ChistaDATA is a data science and engineering company based in San Francisco Bay Area, that specializes in building data-driven solutions for Financial Services on ClickHouse. One of their recent projects involved building a real-time Anti Money Laundering (AML) system for the largest private bank in Europe using ClickHouse.
The bank had a massive amount of transactional data that needed to be analyzed in real-time to identify potential money laundering activities. The data included millions of transactions that needed to be processed every day, making it difficult to analyze the data in a timely and efficient manner. The bank needed a scalable and reliable solution that could process the data in real-time and provide insights to their compliance team to help them detect and prevent fraudulent activities.
ChistaDATA proposed a solution based on ClickHouse, a high-performance columnar database that is optimized for analytical workloads. ClickHouse was chosen because of its ability to handle large volumes of data, support for real-time analytics, and its ability to scale horizontally to accommodate growing data volumes.
The solution architecture involved the following components:
- Data ingestion: The bank’s transactional data was ingested into ClickHouse using Apache Kafka, a distributed streaming platform that can handle large volumes of data.
- Real-time processing: The data was processed in real-time using ClickHouse’s advanced query processing engine, which enabled the team to quickly detect and respond to potential money laundering activities.

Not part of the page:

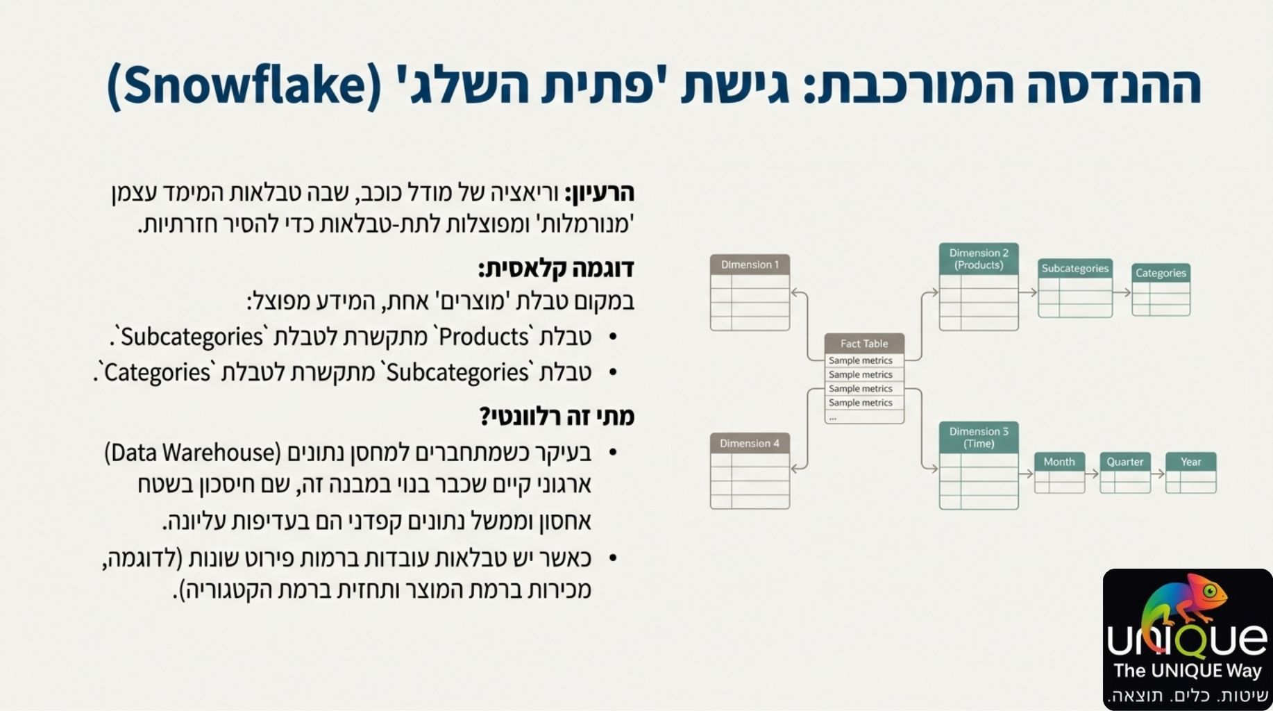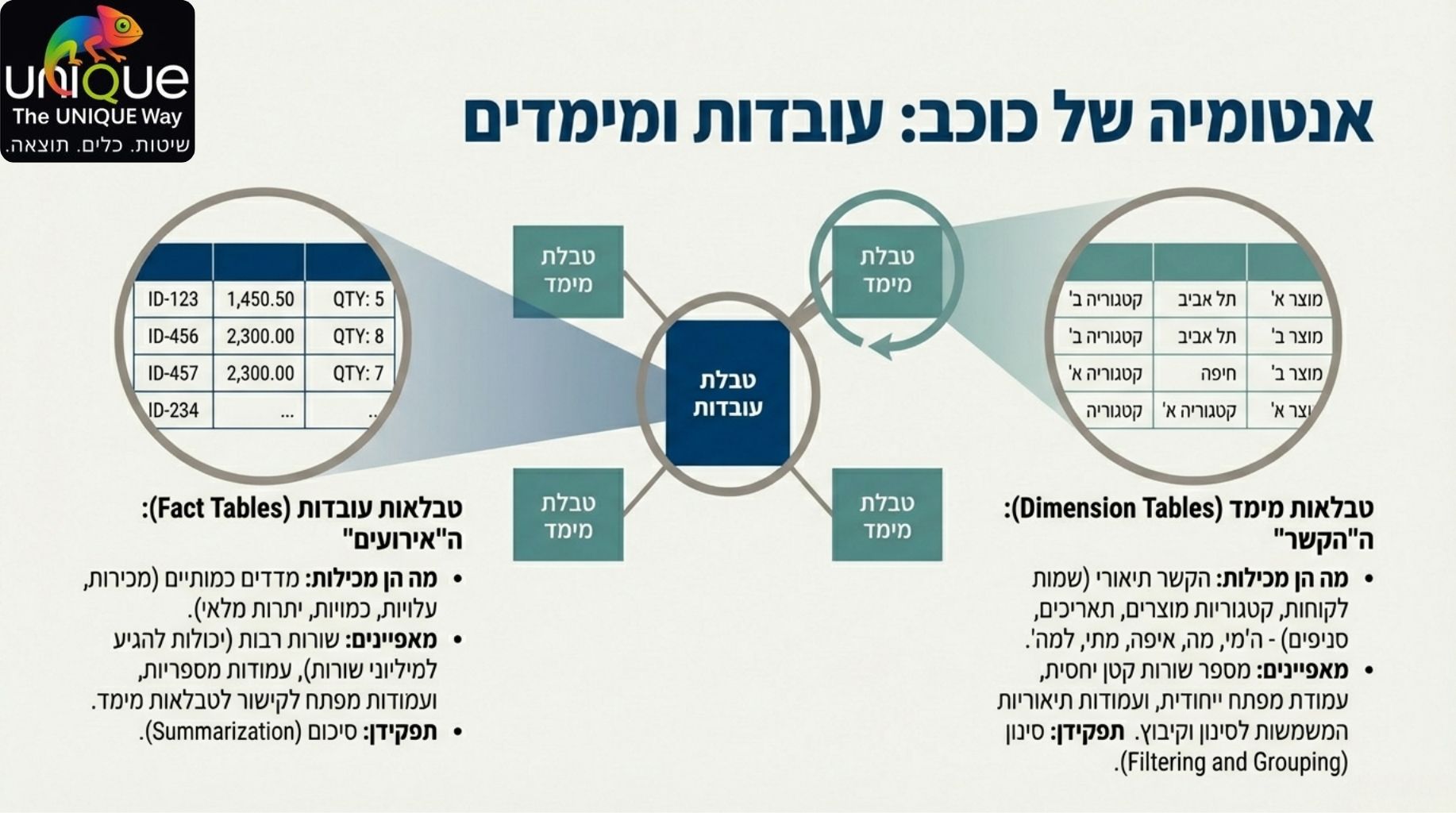 • טבלאות עובדות (Fact Tables): מרכז המודל, מכילות את הנתונים הכמותיים (מכירות, טרנזקציות) ומפתחות לקישור לממדים.

- Machine learning: The solution also incorporated machine learning algorithms to help detect anomalous behavior and patterns in the data, enabling the team to identify suspicious transactions and take action.
- Dashboarding: A custom dashboard was created to provide the bank’s compliance team with real-time insights into the data, allowing them to take action quickly and effectively.

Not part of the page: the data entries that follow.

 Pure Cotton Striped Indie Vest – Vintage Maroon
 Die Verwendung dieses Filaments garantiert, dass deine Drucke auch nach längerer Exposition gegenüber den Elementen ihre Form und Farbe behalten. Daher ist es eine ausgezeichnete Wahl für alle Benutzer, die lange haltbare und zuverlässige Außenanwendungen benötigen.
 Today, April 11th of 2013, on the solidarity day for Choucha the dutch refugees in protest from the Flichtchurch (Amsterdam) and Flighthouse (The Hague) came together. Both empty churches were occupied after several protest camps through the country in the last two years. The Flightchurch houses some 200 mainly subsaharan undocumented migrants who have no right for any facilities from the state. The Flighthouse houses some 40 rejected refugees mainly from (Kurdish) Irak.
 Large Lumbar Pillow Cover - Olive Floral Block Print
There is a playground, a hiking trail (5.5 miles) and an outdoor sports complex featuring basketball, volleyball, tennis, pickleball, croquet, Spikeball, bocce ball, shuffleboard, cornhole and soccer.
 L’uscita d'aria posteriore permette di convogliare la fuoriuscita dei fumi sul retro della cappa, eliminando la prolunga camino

The solution provided the bank with several benefits, including:
- Real-time detection: The solution enabled the bank to detect potential money laundering activities in real-time, which allowed them to take quick action to prevent fraudulent transactions.
- Increased efficiency: The solution reduced the time and effort required to analyze the data, allowing the compliance team to focus on more critical tasks.
- Improved accuracy: The machine learning algorithms used in the solution helped to identify patterns and anomalies in the data that may have been missed using traditional methods, improving the accuracy of the detection.
- Scalability: ClickHouse’s ability to scale horizontally allowed the solution to accommodate growing data volumes without compromising performance or reliability.
In conclusion, ChistaDATA’s use of ClickHouse to build a real-time Anti Money Laundering system for the largest private bank in Europe demonstrates the power and flexibility of ClickHouse for handling large-scale, high-performance analytical workloads. The solution provided the bank with real-time insights into their transactional data, enabling them to detect and prevent fraudulent activities, and improving their compliance with regulatory requirements.